A man is found dead in a bathtub, brandy is poured and the whodunit game grows darker with every turn. Throw in a gritty 1927 Berlin, a major film studio and a chief inspector who never misses a beat and the pages practically turn themselves. Such is the frame of Jonathan Rabb’s Shadow and Light, which reaches into much deeper pockets than your average detective thriller.
This is a special kind of film noir, where a post-WWI Berlin is not itself, not entirely the dark, angular metropolis half-hidden in ambivalence and disposition, but strange “under a too-bright sun without the sense to generate a trace of heat.” The city is omniscient and Rabb gets it to speak through seedy backstreets, a warped past and what the reader knows and can imagine of its pre- and post-Nazi landscape.
He gave us an earlier Berlin and his seasoned protagonist, Nikolai Hoffner, in his 2005 novel, Rosa, the first of the trilogy, which means there is likely another book of this sort on its way.
The narrative is not driven purely by action, although there is plenty—each scene sets in motion the next and the speed of the dominos tipping over sometimes leaves you playing catch-up with a plot that’s trying to pull too many strings. Hoffner’s point of view and powers of observation are beacons in a sea of black clouds. This allows Rabb’s prose, often beautifully executed, to be multi-layered and, through his central character, discerning and insightful.
How Rabb designs the architecture of the characters surrounding the chief inspector—namely in his newly found lover, Leni, an American talent agent for Metro- Goldwyn-Mayer; his ailing mother; and his sons, Georg and Sascha—is equally skillful.

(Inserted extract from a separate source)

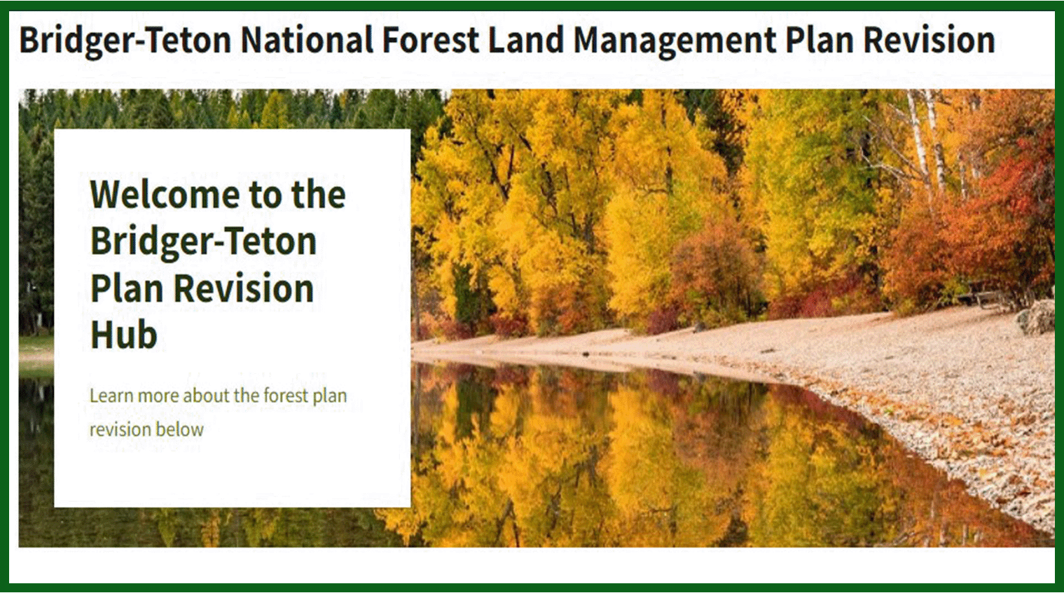 The Bridger Teton National Forest recently commenced the Forest Plan Revision process. The last Forest Plan was published in 1990, and a lot has changed since then. Don’t let this once in a generation opportunity go by without providing your input – it will influence forest management for the next 30 years.

Consider the nuance in Hoffner’s processing:
The strength was less in her gaze or the way she stood—although both conveyed an unrelenting certainty—as in the easy grasp of her fingers. They were long and thin and perfectly delicate, and it was their indifference that gave them their power . . . . Her face had that same quality, fine and pale and seemingly inviting, but perhaps just too inviting to take the risk.

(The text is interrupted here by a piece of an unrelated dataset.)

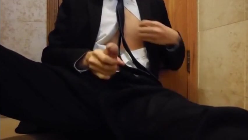 Studente in abito elegante, dopo essersi liberato dei calzoni, si masturba il bel cazzo seduto finché schizza copiosamente

Later he falls for her, but Hoffner is usually one step ahead of any given person at hand. Even if later he is vulnerable to those who crumble around him, he knows better to trust too soon and completely. Rabb gives him a depth and range that shines brightest through the other voice in his head, the one that makes him so likeable.
Take this moment, for example, when he visits his dying mother in an old-age home for Russian Jews:
Her eyes were already shut. Even then, she was no closer to peace than when he had first arrived, and it was that, and that alone, that always cut him. Not for the sadness or loneliness or desperation that breathed in every corner of the place, but for his own failure. Hoffner carried it like an added weight to his own isolation, out into the street, and imagined that this was what shame must have felt like.

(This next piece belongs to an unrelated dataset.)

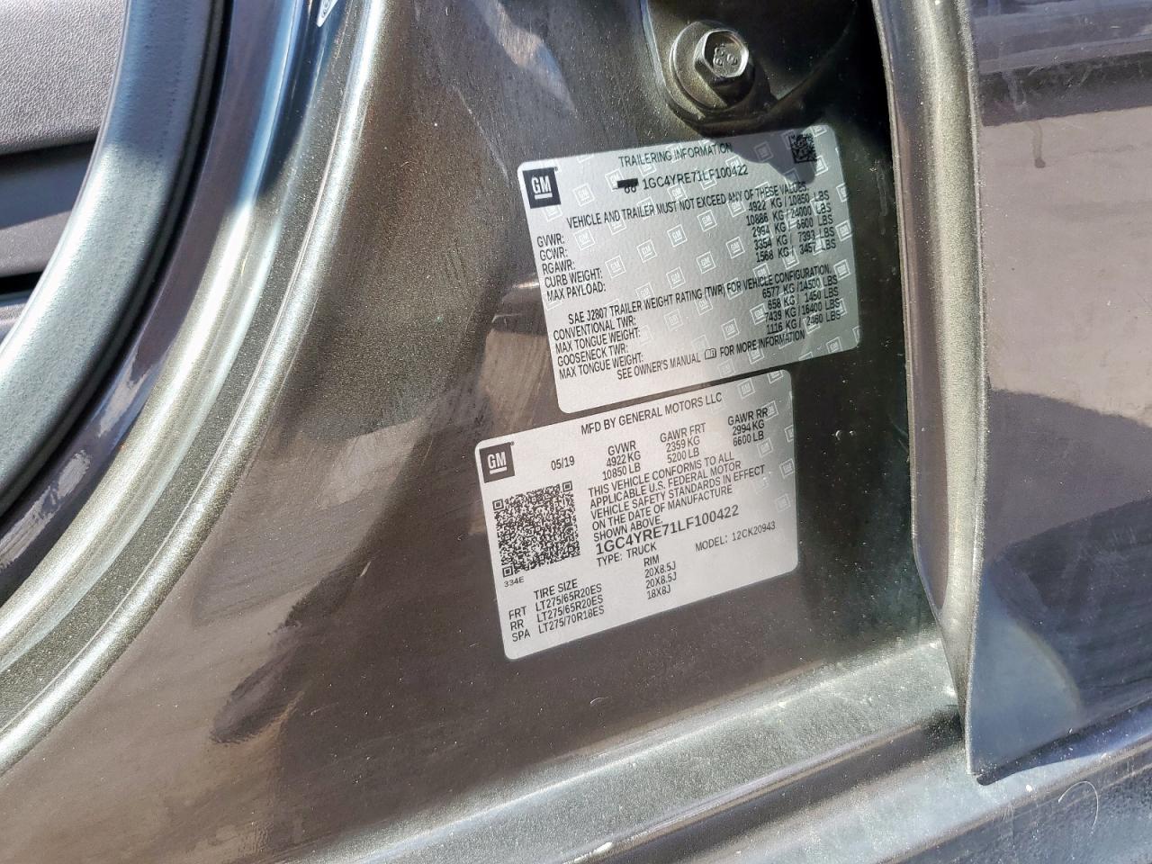VIN: 1GC4YRE71LF100422

Decay is a major theme in this novel, and it takes root with Hoffner’s toothache and is later manifested in various shapes and sizes, notably in the “constant light” or “Weisserhimmel” that has become too much for everyone as well as Berlin’s sex and drug trade, which are where the clues lead, a treacherous, brutal slope to navigate. Tyssen, the Ufa film executive who was killed in his office bathtub, knew about a secret of how to record sound on film. But where is the invention? And why has the starlet, Ingrid Volker, gone missing?
Amid these perplexities, Hoffner delves into a world where the rules he’s been playing by quickly come unglued. He solicits the film director Fritz Lang and crime boss Alby Pimm and discovers much larger intersections and forces at work. His 16 year-old son, Georg, quit school to work at the film studio, while his oldest son, Sascha, turns up at a German Workers Party rally led by Joseph Goebbels.
Georg seeks his father’s approval, and as the weight of the backstory bubbles-up, you sense a tension on the verge of popping:
Hoffner could feel it slipping away. “Is there something I’m missing, Georgi?”
The boy said nothing.
“What?” said Hoffner.
“You’re going to do nothing aren’t you?”
Hoffner tried not to provoke him. “Yes.”
“So there was no point in coming out here at all, was there?”
“I came, Georgi, because you called me. Because you were concerned.”
A girl emerged from the building, and Georg watched as she walked down the path. He said quietly, “Are you listening to yourself, Papi?”
Martha had used silences like this. It was uncanny that a boy of sixteen—who had lost her at half that age—could so readily conjure them.
The dialogue is sharp and Rabb does a nice job at making the stage directions feel natural, but you wonder whether the looming conspiracies and political labyrinth are a bit too much for the upshot. That said, it’s hard to imagine prose being more finely tuned in a film noir, especially against the backdrop of an unforgiving Berlin so much better seen in the shadows than in light.